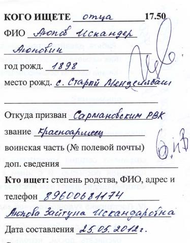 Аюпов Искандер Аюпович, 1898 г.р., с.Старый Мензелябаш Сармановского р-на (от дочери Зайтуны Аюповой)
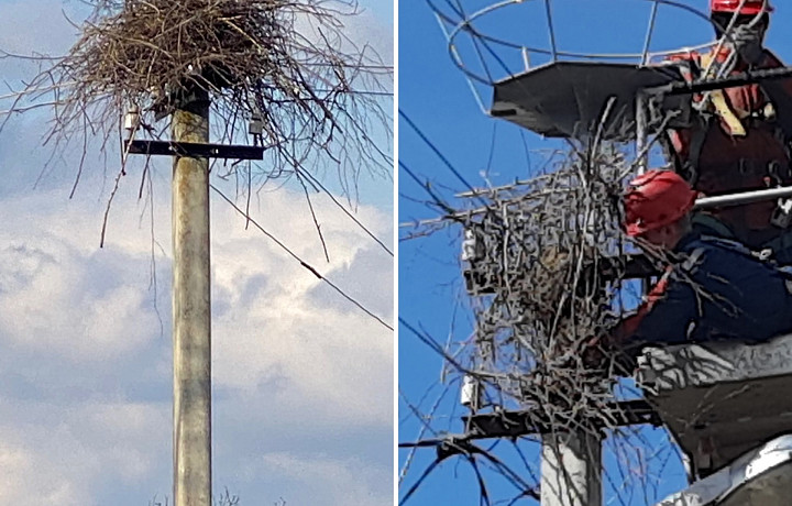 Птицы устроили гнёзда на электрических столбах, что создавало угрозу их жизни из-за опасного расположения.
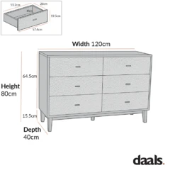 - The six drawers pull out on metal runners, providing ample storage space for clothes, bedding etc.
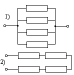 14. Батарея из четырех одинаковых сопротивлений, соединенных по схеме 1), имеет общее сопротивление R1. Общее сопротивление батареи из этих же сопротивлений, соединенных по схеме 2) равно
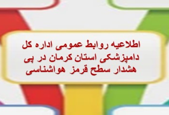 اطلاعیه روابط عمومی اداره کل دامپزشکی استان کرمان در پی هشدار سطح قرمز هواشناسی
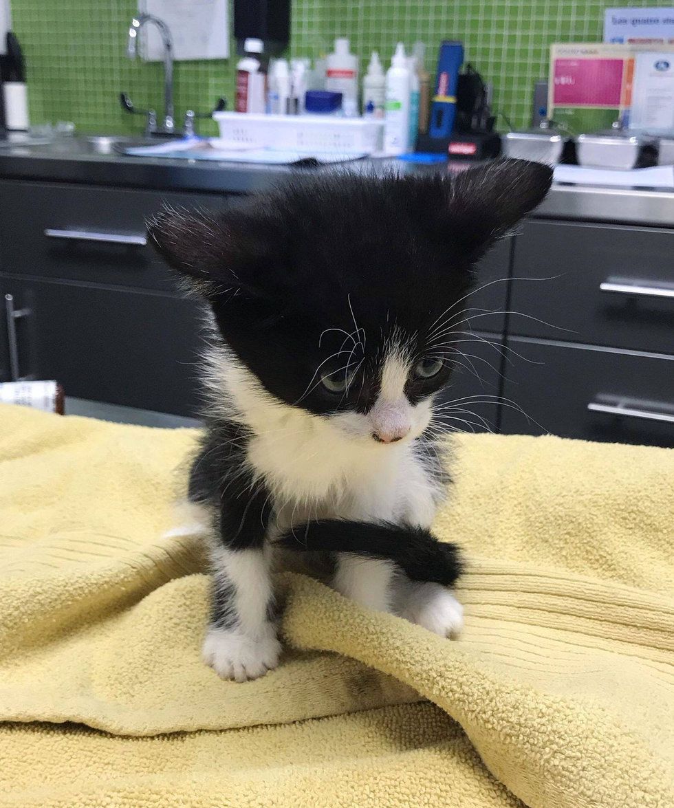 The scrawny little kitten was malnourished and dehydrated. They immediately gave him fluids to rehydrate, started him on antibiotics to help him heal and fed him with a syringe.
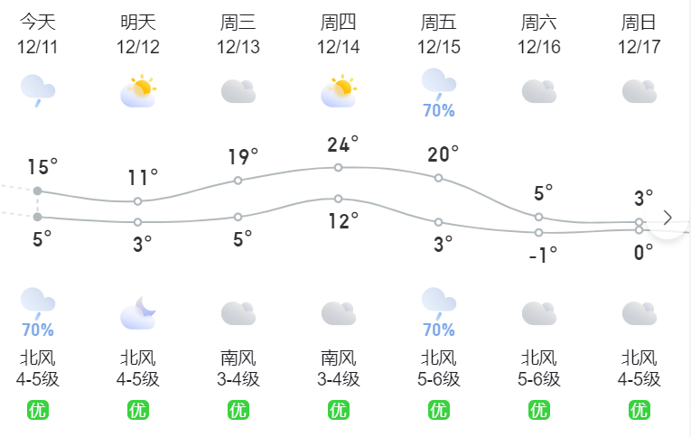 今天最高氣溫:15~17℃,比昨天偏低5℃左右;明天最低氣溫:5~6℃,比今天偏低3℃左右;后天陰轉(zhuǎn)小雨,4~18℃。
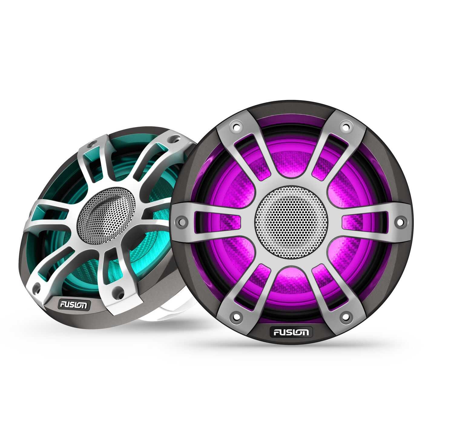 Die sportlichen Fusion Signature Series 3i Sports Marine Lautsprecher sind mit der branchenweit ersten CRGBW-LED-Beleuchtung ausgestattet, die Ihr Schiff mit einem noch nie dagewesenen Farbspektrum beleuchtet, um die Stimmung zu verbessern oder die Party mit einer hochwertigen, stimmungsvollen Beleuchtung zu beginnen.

**Task brief**
Please repeat, exactly as written, the lines in the records above, starting with the one that has "The scrawny little" and going on through the one that has "今天最高氣溫:15~17℃,比昨天偏低5". Pictures are to be left out.

**Response to this task**
 The scrawny little kitten was malnourished and dehydrated. They immediately gave him fluids to rehydrate, started him on antibiotics to help him heal and fed him with a syringe.
 今天最高氣溫:15~17℃,比昨天偏低5℃左右;明天最低氣溫:5~6℃,比今天偏低3℃左右;后天陰轉(zhuǎn)小雨,4~18℃。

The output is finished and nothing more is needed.